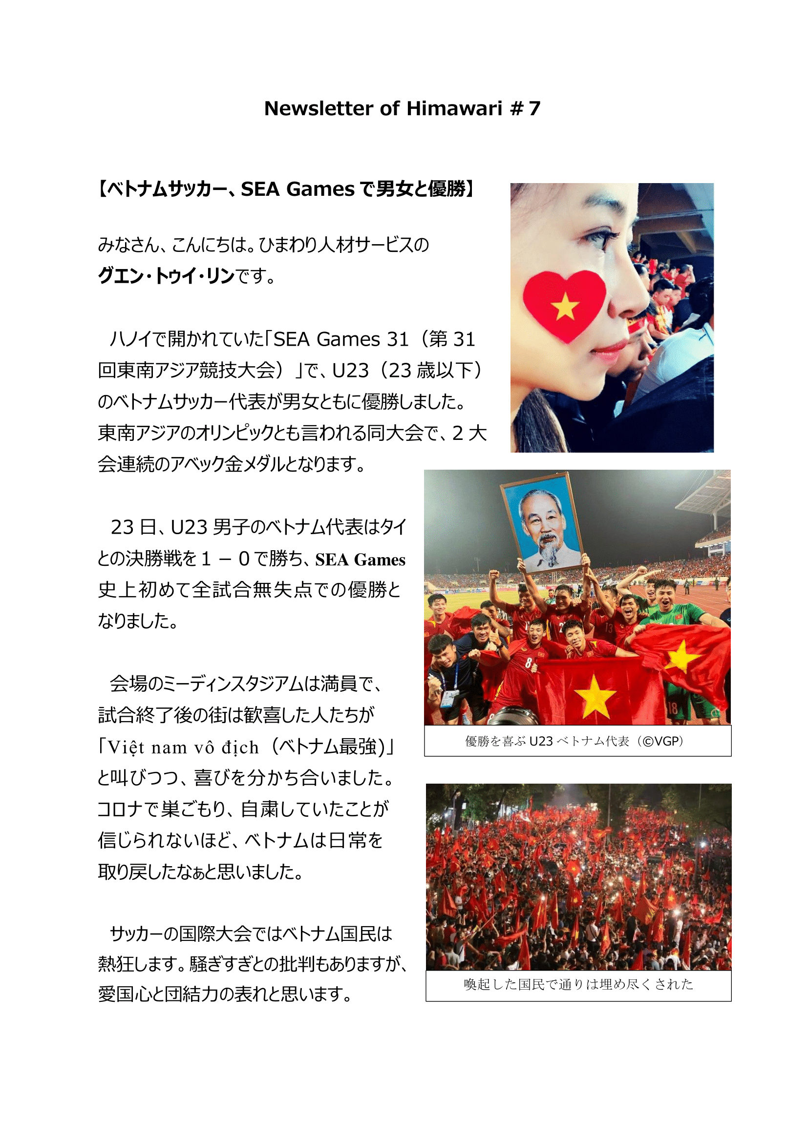 Newsletter 7: ベトナムサッカー、SEA Gamesで男女と優勝
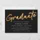 Este é um anúncio de graduação minimalista e elegante. Ele usa um design de script moderno e na moda, manuscrito, em preto clássico e chico, branco e ouro, com uma foto no verso. Entre em contato com o designer para obter informações sobre este design.
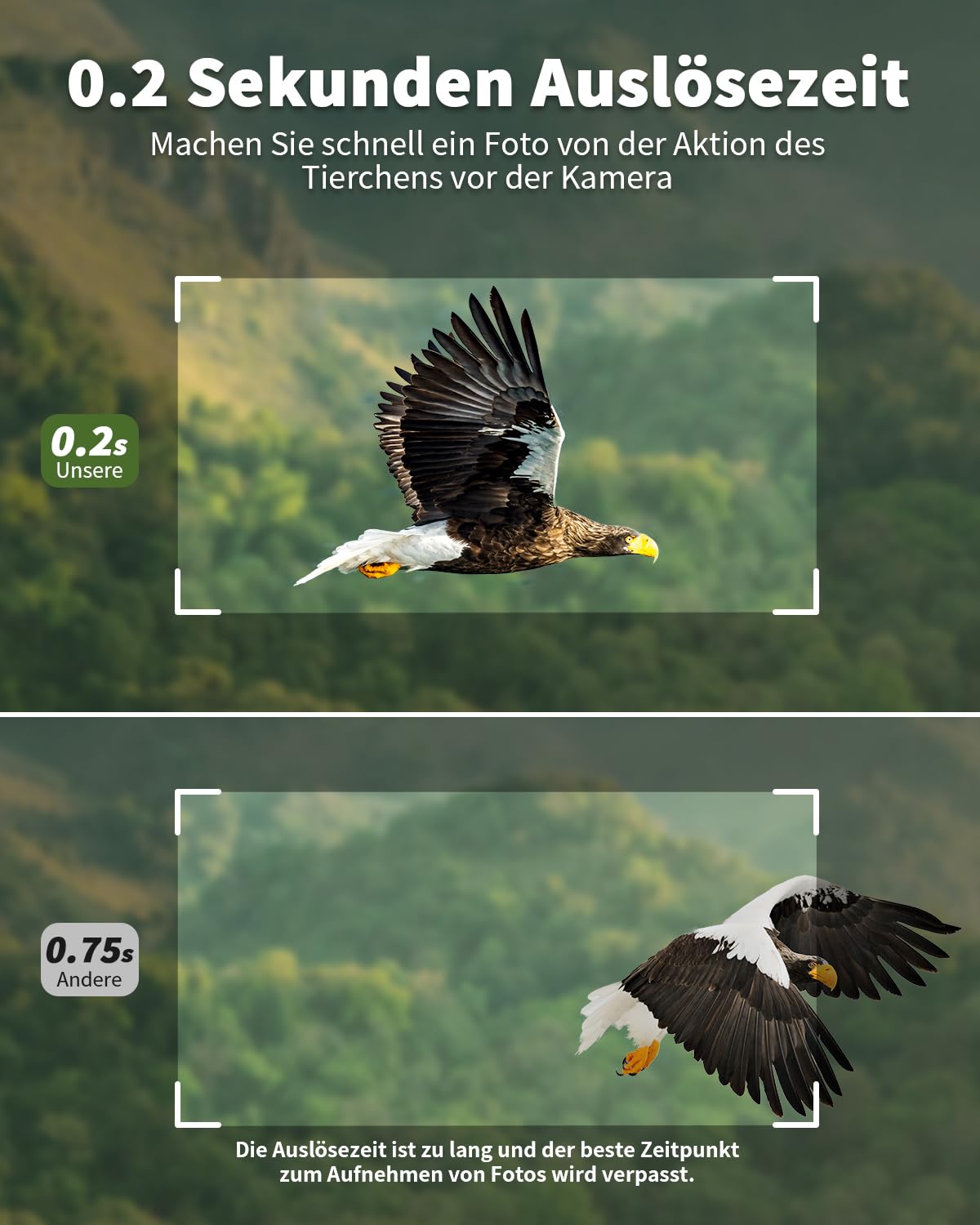 "0.2s Snapshot & Infrared Night Vision: With sensitive motion detection and a fast recording response time of 0.2 seconds, the trail camera captures small animals quickly and accurately, sending notifications to your phone. The 850nm LED night vision also ensures clear wildlife footage in low light conditions."
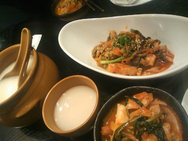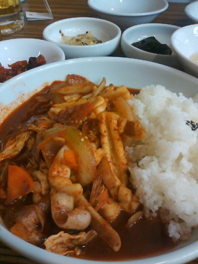 | 稽古終了後、久し振りに外食〜! いつもは稽古中、必然的に外食が多くなるのですが、今回私は、なかなか行く チャンスがありません…… 今日は無性に韓国料理が食べたくなって飛び込みました。 やっぱこの時期、熱くて辛くて…韓国料理は欠かせないでしょう〜 ブデチゲ、チゲ鍋、参鷄湯etc… 美味しい!辛い!元気が出た! 満足じゃ〜! ![]() ![]()
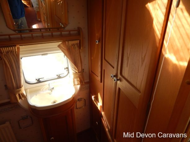 It has a very popular layout: the front of the caravan has 2 singles or a 'pull-out' double, and the dinette in the midsection can be transformed into bunk beds. The rear of the caravan has a very spacious bathroom with toilet, sink, vanity unit, and a large separate shower cubicle.
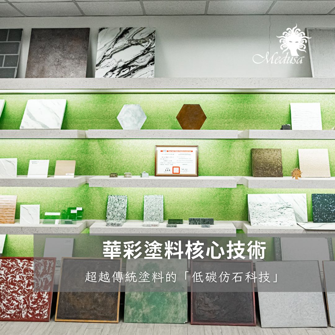 Huacai Coatings leads Taiwan's coatings industry toward true sustainable development with its core technologies such as low-carbon stone-like technology, recycled material upgrading and reuse, PCR recycling bins, and ISO 14067 carbon footprint verification.
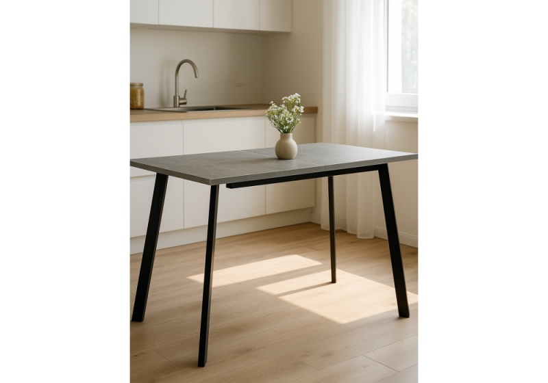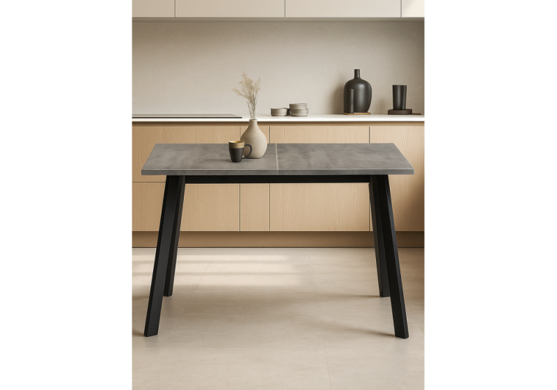 Стол деревянный Колон Лофт 120(160) х 75 черный матовый / бетон (75x75).
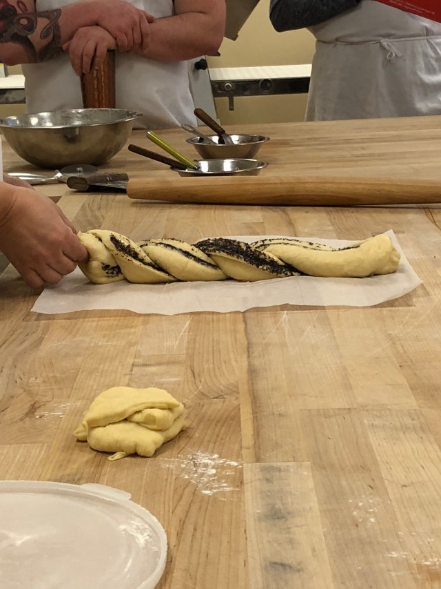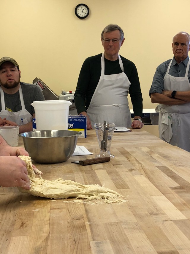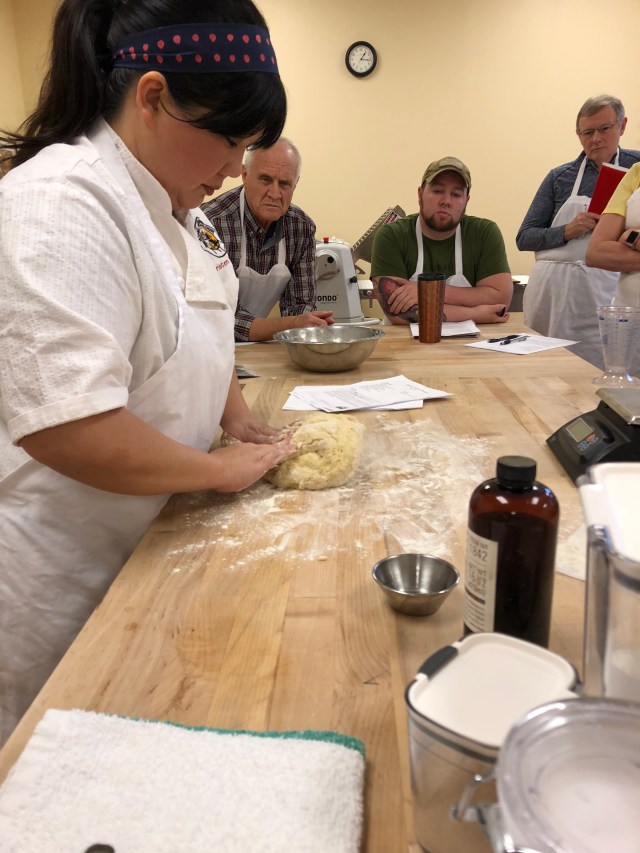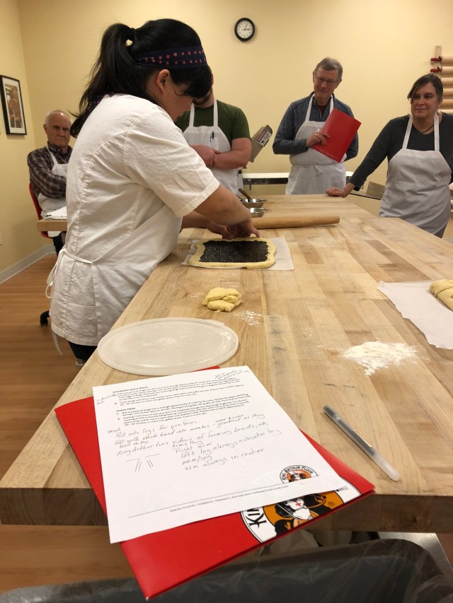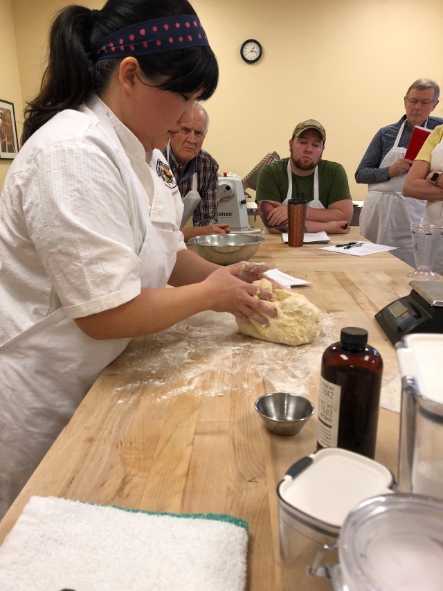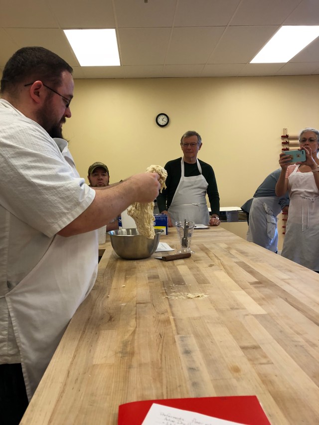 It is a goopy mess to start and your fingers are covered with dough but the more you do it the more it starts to come together and eventually it quits sticking to the work surface and your fingers. It got really noisy in the room and people’s bowls and other items were being bounced off the work tables and onto the floor, which only added to the noise. It is rather tiring and everyone worked up a bit of a sweat.
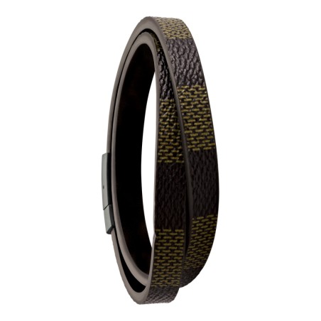 Bracelet Homme Jourdan double tour en Cuir brun et fermoir en Acier

TASK REQUIREMENTS:
Your copy should match the entries exactly, minus the pictures.

RESULT OF THE EXERCISE:
 Newsletter 7: ベトナムサッカー、SEA Gamesで男女と優勝
 Este é um anúncio de graduação minimalista e elegante. Ele usa um design de script moderno e na moda, manuscrito, em preto clássico e chico, branco e ouro, com uma foto no verso. Entre em contato com o designer para obter informações sobre este design.
 "0.2s Snapshot & Infrared Night Vision: With sensitive motion detection and a fast recording response time of 0.2 seconds, the trail camera captures small animals quickly and accurately, sending notifications to your phone. The 850nm LED night vision also ensures clear wildlife footage in low light conditions."
 | 稽古終了後、久し振りに外食〜! いつもは稽古中、必然的に外食が多くなるのですが、今回私は、なかなか行く チャンスがありません…… 今日は無性に韓国料理が食べたくなって飛び込みました。 やっぱこの時期、熱くて辛くて…韓国料理は欠かせないでしょう〜 ブデチゲ、チゲ鍋、参鷄湯etc… 美味しい!辛い!元気が出た! 満足じゃ〜! ![]() ![]()
 It has a very popular layout: the front of the caravan has 2 singles or a 'pull-out' double, and the dinette in the midsection can be transformed into bunk beds. The rear of the caravan has a very spacious bathroom with toilet, sink, vanity unit, and a large separate shower cubicle.
 Huacai Coatings leads Taiwan's coatings industry toward true sustainable development with its core technologies such as low-carbon stone-like technology, recycled material upgrading and reuse, PCR recycling bins, and ISO 14067 carbon footprint verification.
 Стол деревянный Колон Лофт 120(160) х 75 черный матовый / бетон (75x75).
 It is a goopy mess to start and your fingers are covered with dough but the more you do it the more it starts to come together and eventually it quits sticking to the work surface and your fingers. It got really noisy in the room and people’s bowls and other items were being bounced off the work tables and onto the floor, which only added to the noise. It is rather tiring and everyone worked up a bit of a sweat.
 Bracelet Homme Jourdan double tour en Cuir brun et fermoir en Acier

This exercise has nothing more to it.